Since Facebook releasing of the “Libra White Paper” in June 2019 stirred the global financial market, the headlines about blockchain and digital currencies have never dissipated but more intense. The digital currency DCEP being studied by the People’s Bank of China and the launch of Libra has pushed this wave to unprecedented heights and raised public awareness of blockchain and digital currencies.
Today’s electronic payment tools cannot meet the public’s anonymous needs since the internet payments and bank card payments are tightly bound to the traditional bank account system. Also, the traditional payment methods are limited by complexity International regulatory and legal frameworks that vary greatly from country to country.
As the product of the digital economy, blockchain payment on the one hand improves the portability and security of the currency, and on the other hand it improves the efficiency and convenience of transactions and investments.
Blockchain payment can bypass various centralized controls for payment without any geographical restrictions in an anonymous and faster way. The rise of blockchain payments can no longer be stopped, and the payment industry will be forced to change, so as to build a new pattern of more inclusive, more real-time, smarter, more cross-border, and more efficient payments.
However, due to the anonymity and difficult supervision of blockchain payments, there are illegal acts such as money laundering and tax evasion.
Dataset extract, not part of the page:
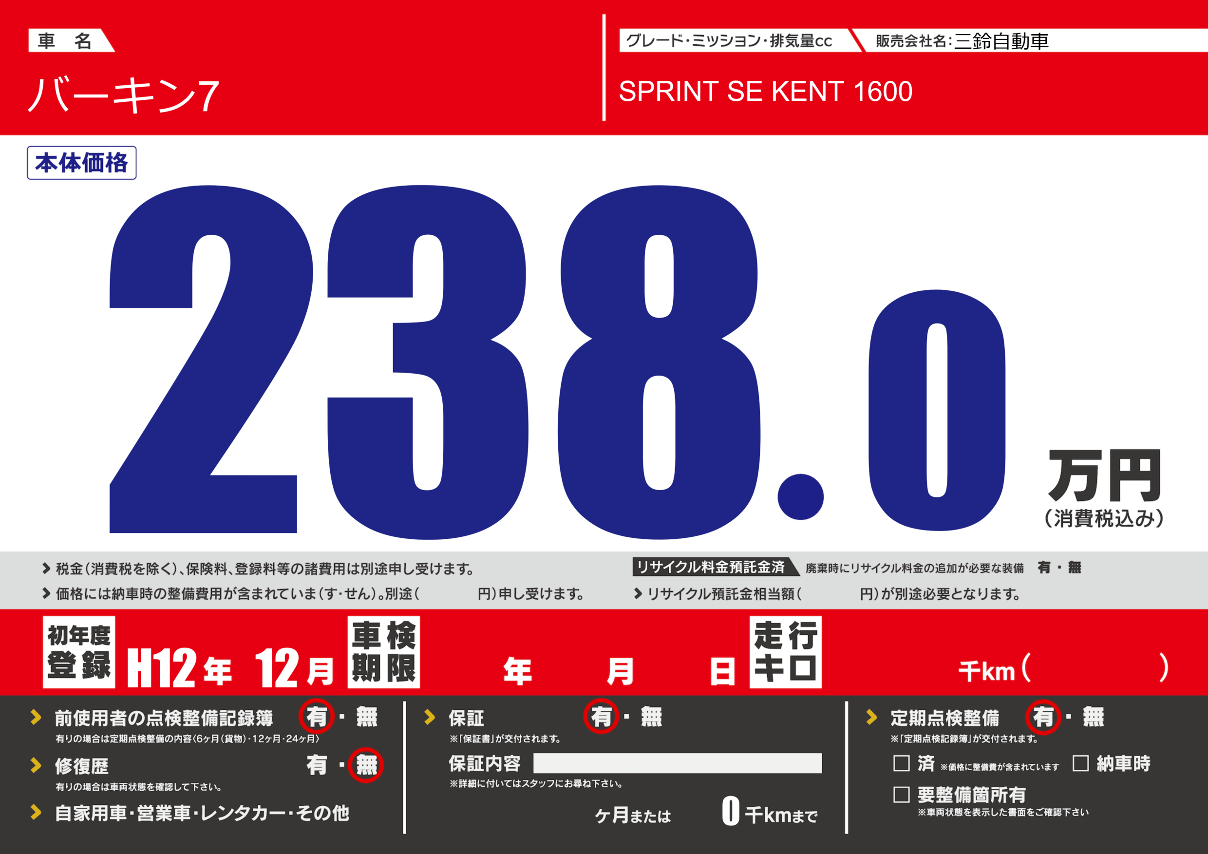 | 走行キロ | - | 初年度登録 | H12年12月 |

For example, criminals buy tokens from the stolen money in their hands. Because of the anonymity and decentralization of cryptocurrencies, they avoid the supervision of third parties. After cross-border transfer, they are converted into local legal currency in another country.
According to Megan Doyle’s article published on American Express “Are Blockchain Payments Systems Living Up to the Hype?” Many organizations are exploring the technology’s possibilities with new approaches. Some financial institutions, for example, are honing in on fewer use cases, scrutinizing blockchain payment experiments and proof-of-concepts, and carefully addressing governance and compliance strategies. Other organizations still set on blockchain are combating disillusionment from overhype by using the term “distributed ledger technology” in place of “blockchain,” notes a recent Forrester report.
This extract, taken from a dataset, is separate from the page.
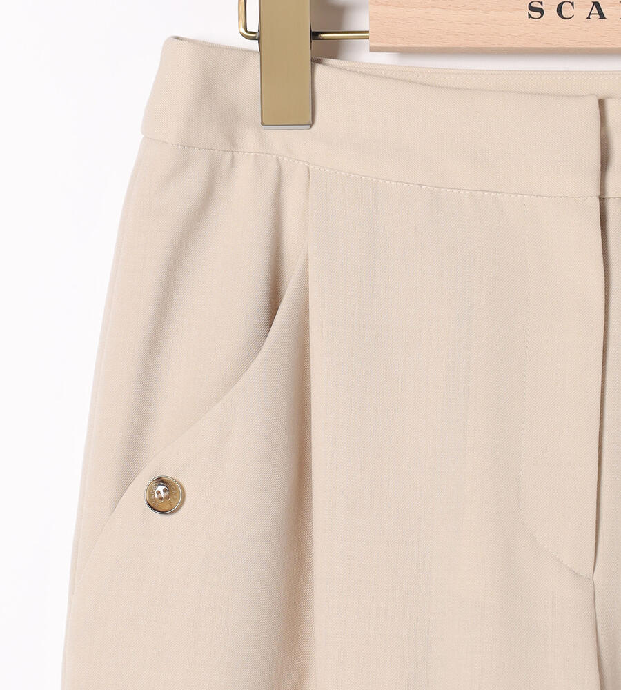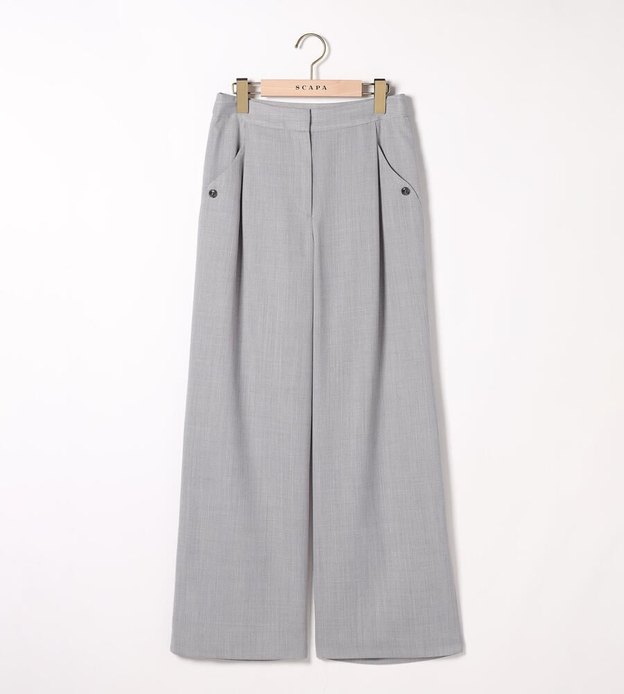 太すぎず細すぎない絶妙なシルエットによる適度なボリューム感のワイドパンツです。スラントポケットに配したボタンがワンポイントを効かせています。普段のスタイリングに取り入れやすいカラーがラインナップ。ストレッチツイル地で快適な穿き心地です。片玉縁のヒップポケットが仕立ての良さを演出。

Whether blockchain will revolutionize the payments industry remains uncertain, to better serve the society instead of being used by criminals, the regulatory consideration for blockchain payment must be more comprehensive. After all, current established rules cannot be applied into blockchain payment scheme. In the face of this situation, regulators should have a qualitative view of blockchain payments and cross-border challenges to better monitor the payment process.